> [EXERCISE INSTRUCTIONS]: Output exactly the lines of the listing below that run from the line with "Sklenený svietnik z" through the line with "3. 模型诊断:模型训练完成后,除使用 OmniDocBench". No pictures.

> [SOURCE RECORDS]:
-=-=-

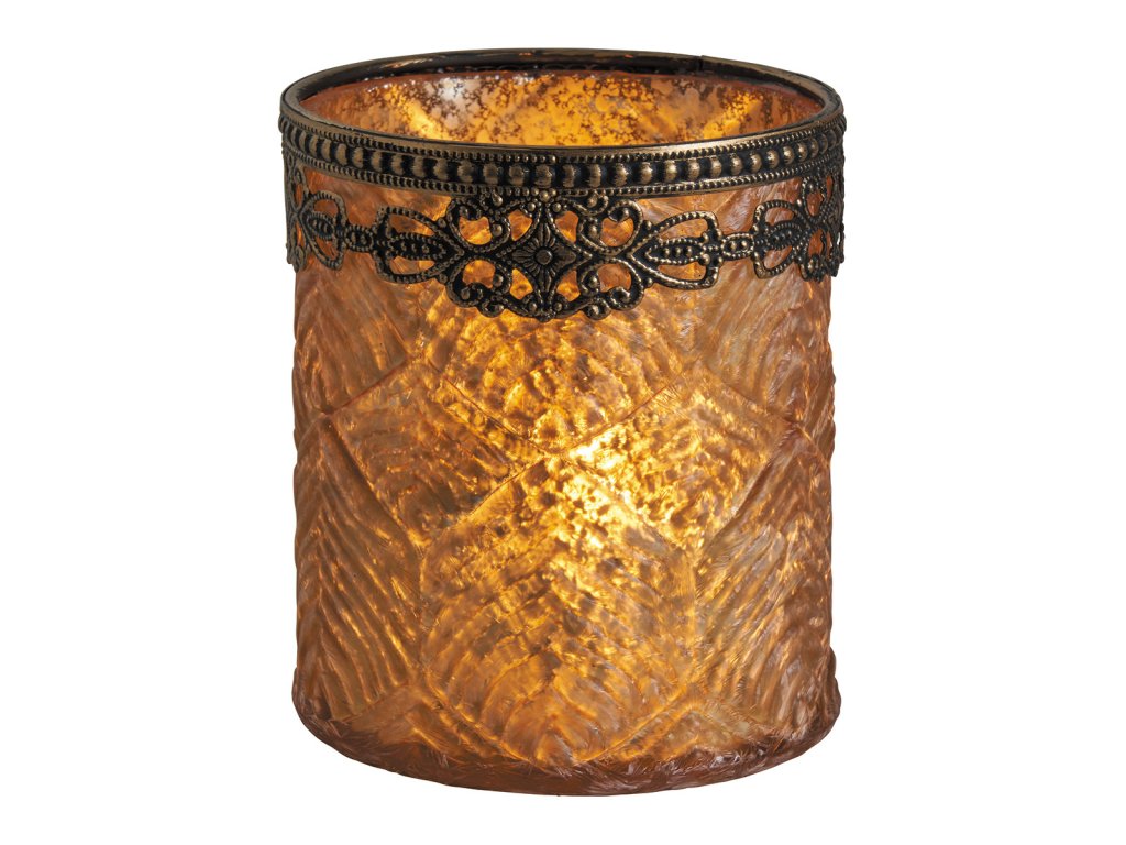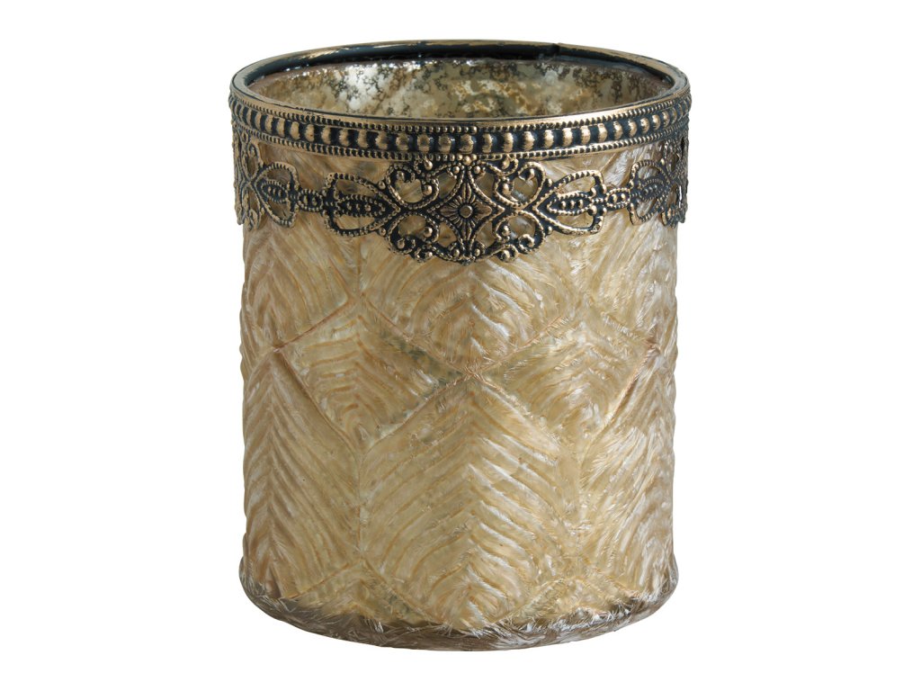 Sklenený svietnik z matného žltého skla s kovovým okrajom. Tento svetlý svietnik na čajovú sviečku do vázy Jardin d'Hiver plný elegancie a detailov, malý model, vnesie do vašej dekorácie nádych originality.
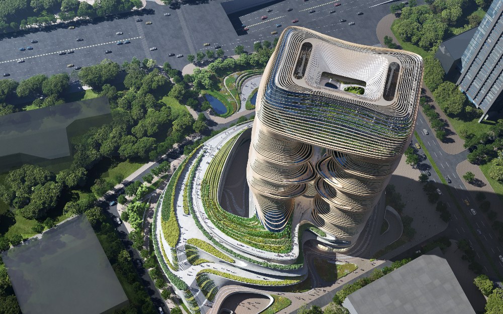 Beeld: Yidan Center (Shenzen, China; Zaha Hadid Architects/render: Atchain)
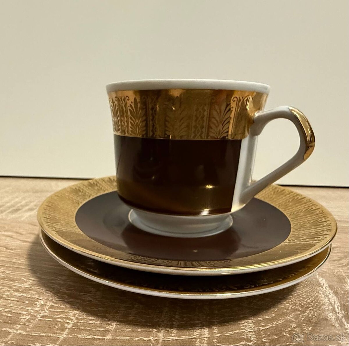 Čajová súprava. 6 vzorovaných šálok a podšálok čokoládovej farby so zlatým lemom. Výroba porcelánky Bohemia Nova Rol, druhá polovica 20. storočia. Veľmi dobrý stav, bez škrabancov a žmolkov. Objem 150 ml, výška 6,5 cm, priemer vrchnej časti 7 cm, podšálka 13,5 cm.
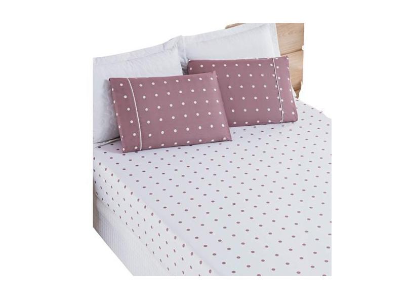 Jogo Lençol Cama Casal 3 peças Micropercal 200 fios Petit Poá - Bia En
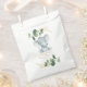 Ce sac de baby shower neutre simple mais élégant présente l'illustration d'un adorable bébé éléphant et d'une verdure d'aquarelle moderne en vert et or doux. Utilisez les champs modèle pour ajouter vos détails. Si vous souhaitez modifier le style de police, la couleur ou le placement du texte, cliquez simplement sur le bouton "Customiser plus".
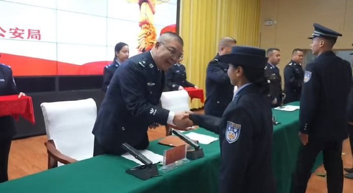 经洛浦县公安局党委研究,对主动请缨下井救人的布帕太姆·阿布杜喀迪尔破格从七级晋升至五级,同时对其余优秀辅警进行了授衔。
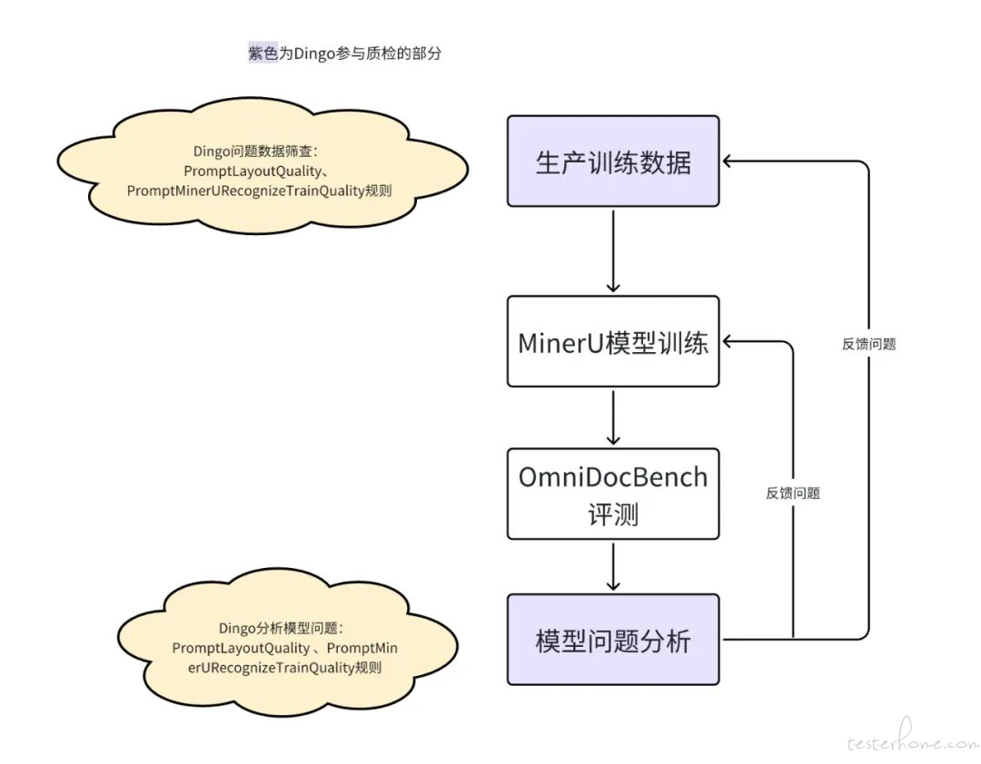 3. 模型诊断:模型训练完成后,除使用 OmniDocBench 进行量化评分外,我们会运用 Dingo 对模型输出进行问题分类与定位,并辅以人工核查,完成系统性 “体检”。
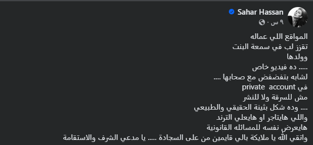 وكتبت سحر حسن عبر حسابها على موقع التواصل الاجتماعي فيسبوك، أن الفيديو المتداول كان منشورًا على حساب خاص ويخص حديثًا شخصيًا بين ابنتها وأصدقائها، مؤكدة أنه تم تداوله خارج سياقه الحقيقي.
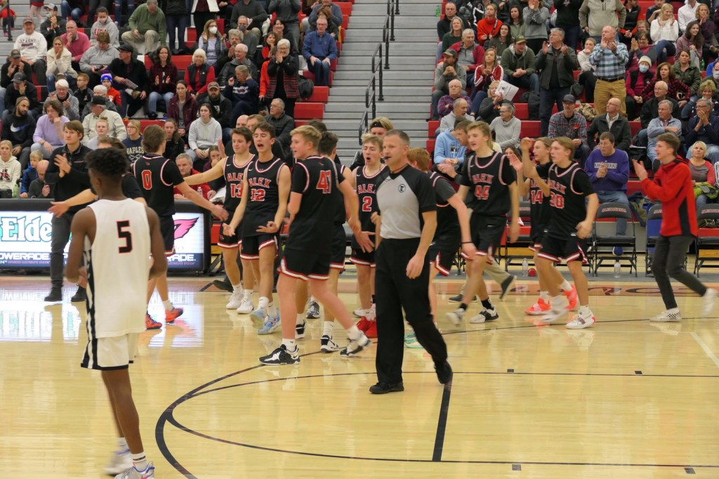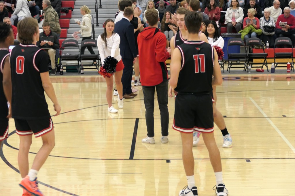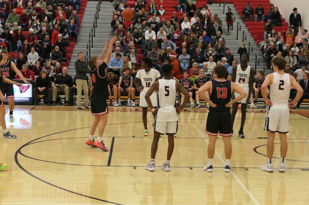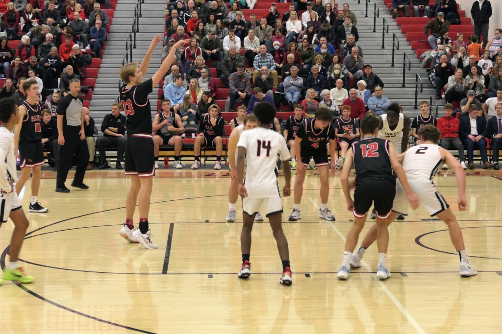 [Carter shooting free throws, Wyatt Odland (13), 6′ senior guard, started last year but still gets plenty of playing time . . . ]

-=-=-

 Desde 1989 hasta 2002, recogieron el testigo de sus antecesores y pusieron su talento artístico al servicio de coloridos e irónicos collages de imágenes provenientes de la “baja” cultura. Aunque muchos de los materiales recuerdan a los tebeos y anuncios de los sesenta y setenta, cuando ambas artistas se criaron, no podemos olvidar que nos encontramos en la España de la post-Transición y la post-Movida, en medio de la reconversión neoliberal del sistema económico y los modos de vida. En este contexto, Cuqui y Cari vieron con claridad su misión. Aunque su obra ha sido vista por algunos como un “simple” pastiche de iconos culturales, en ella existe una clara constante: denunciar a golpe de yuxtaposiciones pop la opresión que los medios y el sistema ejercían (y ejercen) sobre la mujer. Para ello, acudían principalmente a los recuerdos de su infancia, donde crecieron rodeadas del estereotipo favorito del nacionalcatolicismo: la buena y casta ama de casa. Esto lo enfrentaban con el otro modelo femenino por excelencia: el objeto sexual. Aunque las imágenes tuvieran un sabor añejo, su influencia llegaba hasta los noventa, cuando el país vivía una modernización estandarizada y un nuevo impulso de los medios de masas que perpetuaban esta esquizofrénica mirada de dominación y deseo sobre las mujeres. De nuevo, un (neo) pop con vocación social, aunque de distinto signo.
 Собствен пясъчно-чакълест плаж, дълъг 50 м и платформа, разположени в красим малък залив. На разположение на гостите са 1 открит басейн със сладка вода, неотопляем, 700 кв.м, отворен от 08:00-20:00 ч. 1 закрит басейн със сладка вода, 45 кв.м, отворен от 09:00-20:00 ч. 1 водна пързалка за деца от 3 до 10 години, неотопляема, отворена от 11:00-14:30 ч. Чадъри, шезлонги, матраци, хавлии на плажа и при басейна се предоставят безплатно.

-=-=-

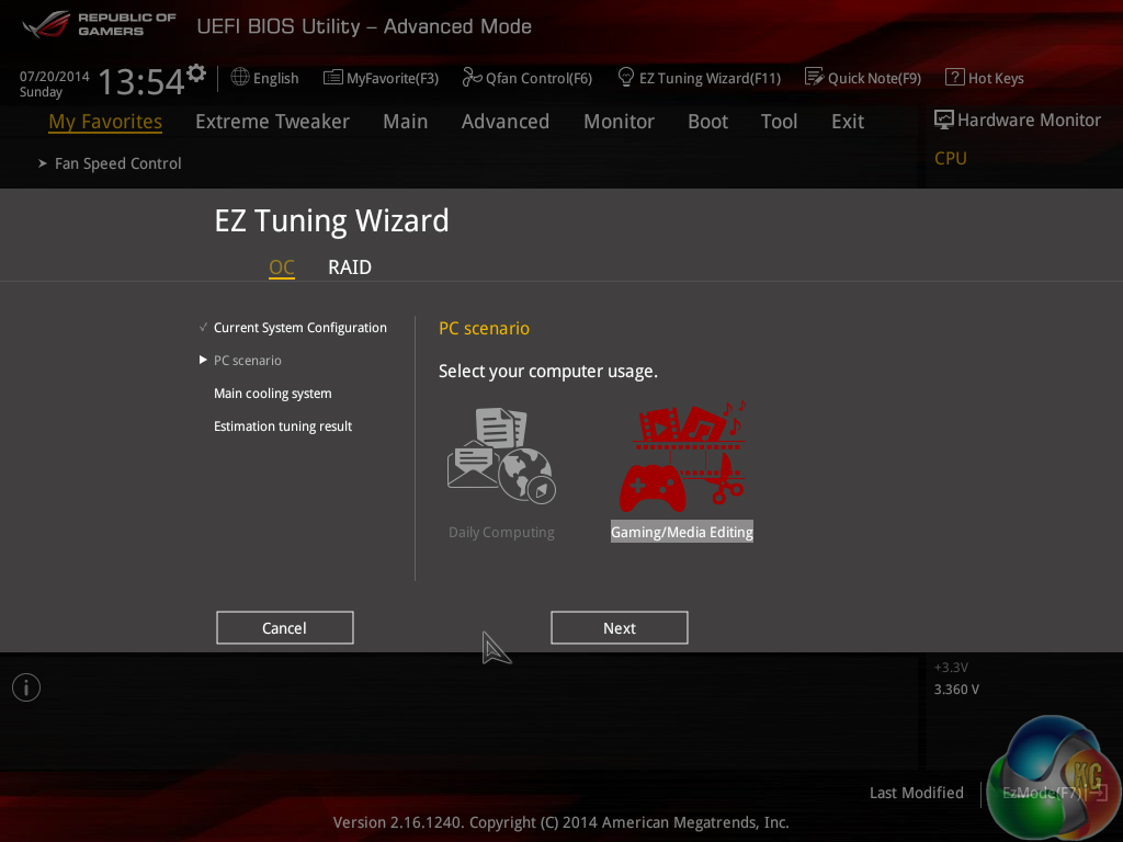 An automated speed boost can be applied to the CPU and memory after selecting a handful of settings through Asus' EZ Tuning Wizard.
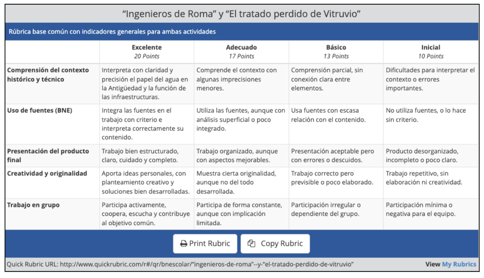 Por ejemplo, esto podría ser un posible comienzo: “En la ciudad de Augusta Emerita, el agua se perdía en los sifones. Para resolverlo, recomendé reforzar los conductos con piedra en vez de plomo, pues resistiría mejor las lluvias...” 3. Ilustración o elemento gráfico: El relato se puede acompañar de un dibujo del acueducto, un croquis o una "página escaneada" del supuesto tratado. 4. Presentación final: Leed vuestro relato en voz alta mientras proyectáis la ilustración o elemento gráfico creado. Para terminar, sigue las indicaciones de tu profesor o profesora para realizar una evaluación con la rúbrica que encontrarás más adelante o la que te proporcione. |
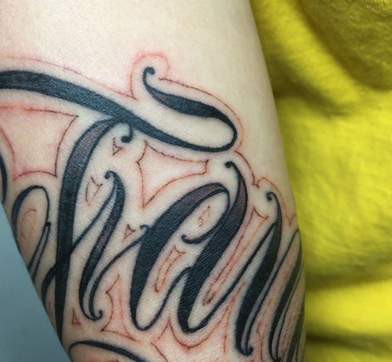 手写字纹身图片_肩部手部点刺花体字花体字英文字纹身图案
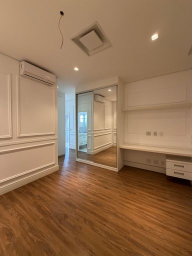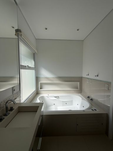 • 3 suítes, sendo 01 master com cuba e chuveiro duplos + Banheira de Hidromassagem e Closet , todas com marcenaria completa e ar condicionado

-=-=-

> [SOLUTION FOR THIS EXERCISE]:
 Sklenený svietnik z matného žltého skla s kovovým okrajom. Tento svetlý svietnik na čajovú sviečku do vázy Jardin d'Hiver plný elegancie a detailov, malý model, vnesie do vašej dekorácie nádych originality.
 Beeld: Yidan Center (Shenzen, China; Zaha Hadid Architects/render: Atchain)
 Čajová súprava. 6 vzorovaných šálok a podšálok čokoládovej farby so zlatým lemom. Výroba porcelánky Bohemia Nova Rol, druhá polovica 20. storočia. Veľmi dobrý stav, bez škrabancov a žmolkov. Objem 150 ml, výška 6,5 cm, priemer vrchnej časti 7 cm, podšálka 13,5 cm.
 Jogo Lençol Cama Casal 3 peças Micropercal 200 fios Petit Poá - Bia En
 Ce sac de baby shower neutre simple mais élégant présente l'illustration d'un adorable bébé éléphant et d'une verdure d'aquarelle moderne en vert et or doux. Utilisez les champs modèle pour ajouter vos détails. Si vous souhaitez modifier le style de police, la couleur ou le placement du texte, cliquez simplement sur le bouton "Customiser plus".
 经洛浦县公安局党委研究,对主动请缨下井救人的布帕太姆·阿布杜喀迪尔破格从七级晋升至五级,同时对其余优秀辅警进行了授衔。
 3. 模型诊断:模型训练完成后,除使用 OmniDocBench 进行量化评分外,我们会运用 Dingo 对模型输出进行问题分类与定位,并辅以人工核查,完成系统性 “体检”。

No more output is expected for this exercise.